Is Aquablation better than TURP?
It depends on what you weigh most. TURP is the long-standing reference standard with a very long track record and is highly durable. Aquablation matches it for tissue removal and symptom relief in trials while preserving ejaculation far more often, which is why younger and sexually active men often prefer it. TURP simply has decades more follow-up. A urologist can tell you which fits your gland size and goals.
What prostate sizes can Aquablation treat?
The core evidence and the AUA recommendation centre on glands of about 30-80 mL, and five-year WATER II data support its use in large prostates of 80-150 mL, where some other minimally invasive options are weaker. So it handles large glands well, but it is not accurate to say it suits prostates of any size; your surgeon will measure your gland on ultrasound and confirm whether it falls in an evidence-supported range.
How long is recovery after Aquablation?
Most men spend one night in hospital, have the catheter removed within a day or two, and return to desk work within roughly a week. Light blood in the urine and some stinging when passing urine are common for a week or two. Full activity and sexual activity usually resume around four to six weeks once your surgeon clears you. Individual recovery varies.

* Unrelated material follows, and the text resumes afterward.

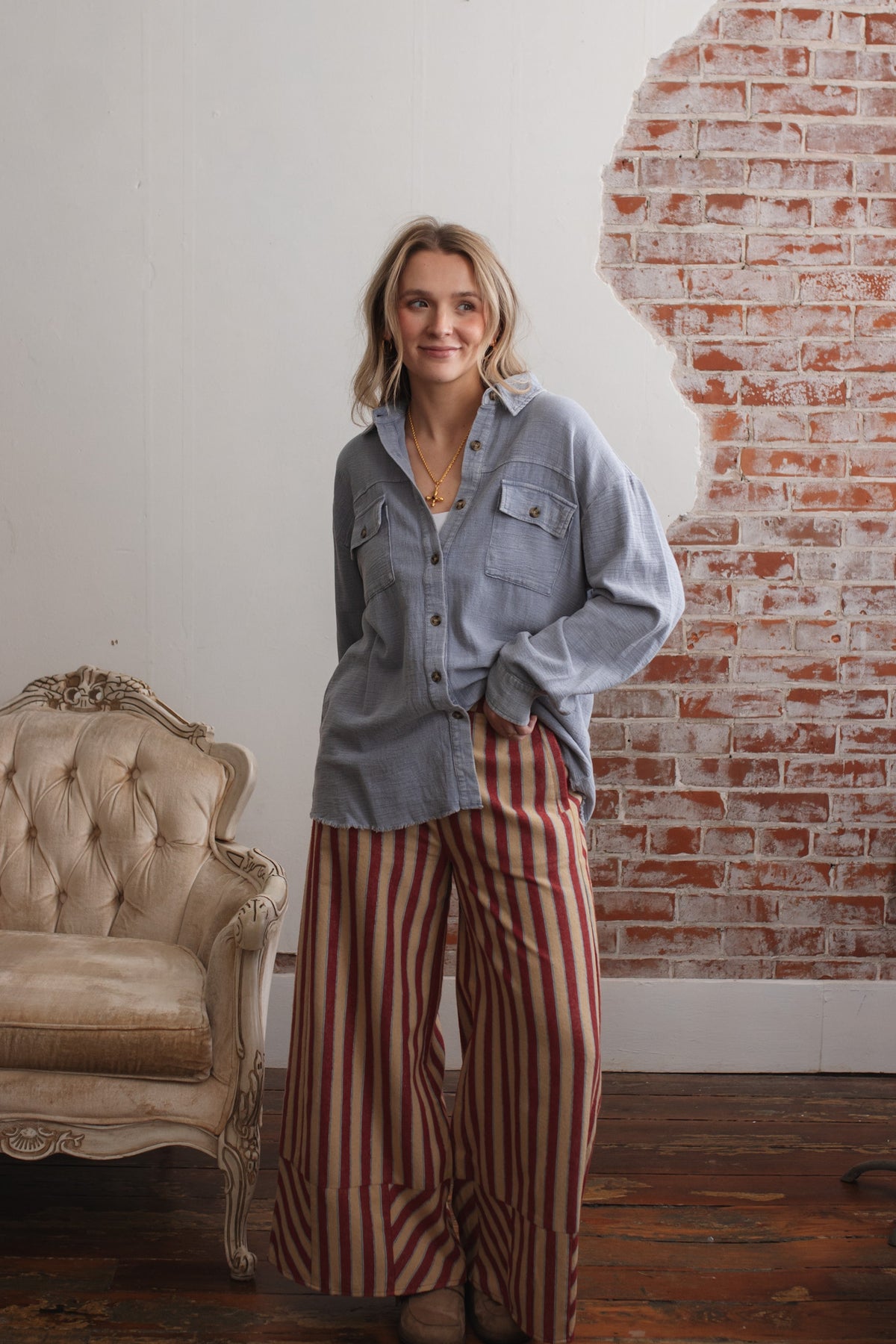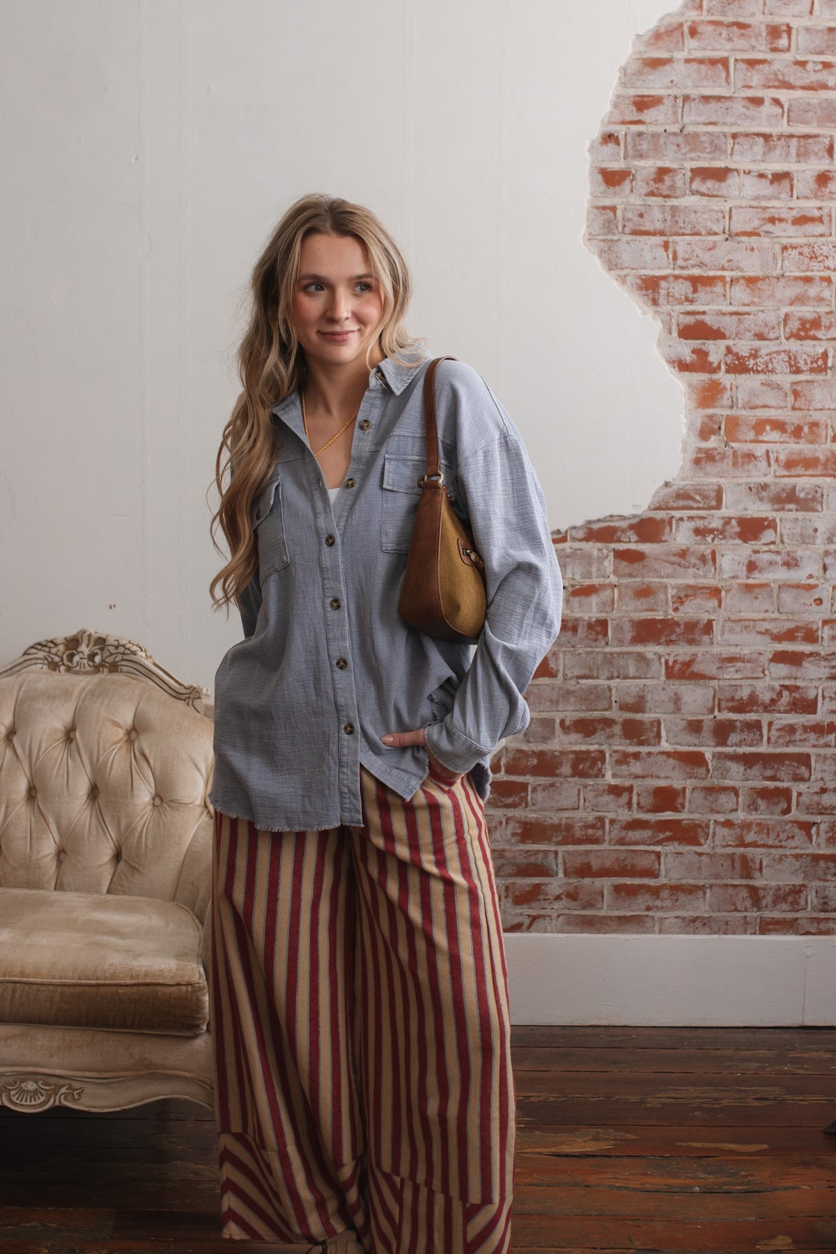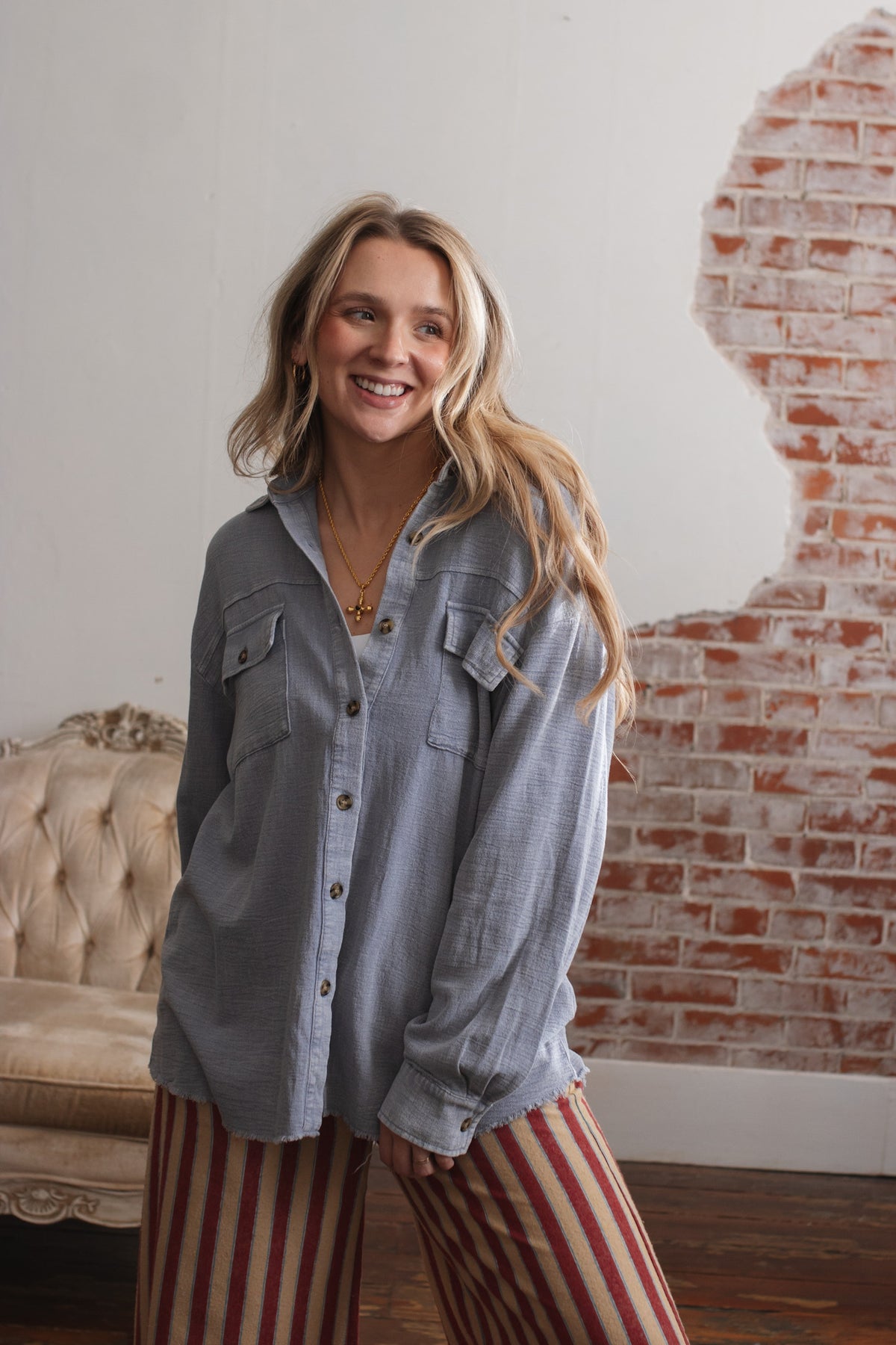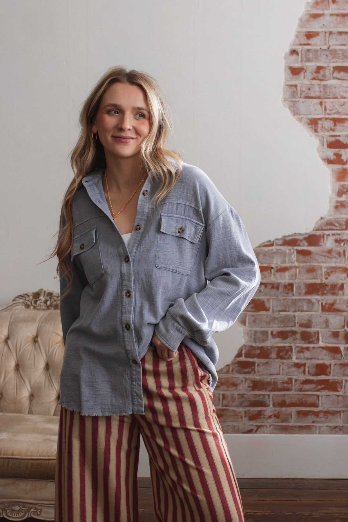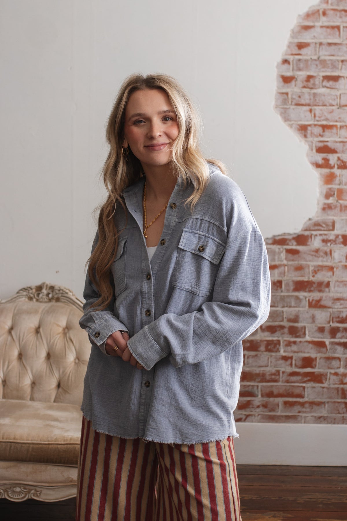 Looking for a lightweight button-down with a little extra texture? The Steele Shirt is that go-to layer you’ll reach for on cool mornings, casual workdays, or just when you want something easy and relaxed. Made from breathable cotton with a softly crinkled feel, it drapes beautifully while keeping things laid-back. The oversized fit adds a touch of borrowed-from-him charm that still feels effortlessly feminine.
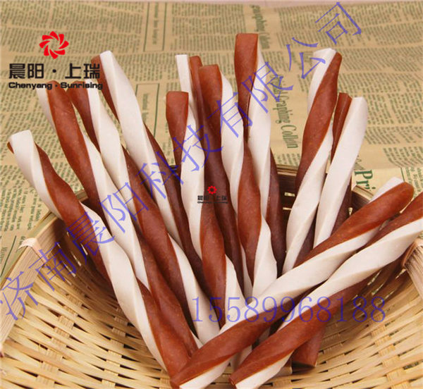 為滿足這一市場需求,晨陽人自公司成立之初,就加大力度投入技術(shù)研究,經(jīng)過十多年不斷摸索和實踐,掌握了成熟的制作狗咬膠的經(jīng)驗和方法。 采用科學(xué)配置的淀粉為原料,使用單螺桿擠壓機擠壓出客戶需求的各種形狀的狗咬膠,通過調(diào)整原料、溫度和水分等工藝參數(shù),生產(chǎn)出來的產(chǎn)品具有形狀新穎、口感獨特、營養(yǎng)豐富、組織細膩等特點。

Will my erections be affected?
The randomised WATER trial, which measured erectile function with the IIEF questionnaire, did not show a meaningful decline, which fits the rationale of a heat-free, nerve-sparing technique. Aquablation is aimed at preserving sexual function rather than impairing it. If you already have erectile difficulties, raise this at consultation, since that is a separate issue from the prostate surgery.
Is Aquablation painful?
The procedure itself is done under general or spinal anaesthesia, so you feel nothing during it. Afterwards, expect mild discomfort, some stinging when passing urine, and intermittent blood in the urine for a week or two. Most men describe the recovery as more comfortable than they expected for prostate surgery, but pain tolerance varies.
Do I still need a consultation and prescription for Aquablation?
Yes. Aquablation is a surgical procedure that requires a urology assessment, prostate sizing, exclusion of prostate cancer and infection, and a prescription. You cannot self-select it. The consultation also confirms whether a less invasive option might suit you better and gives you an accurate, itemised quote.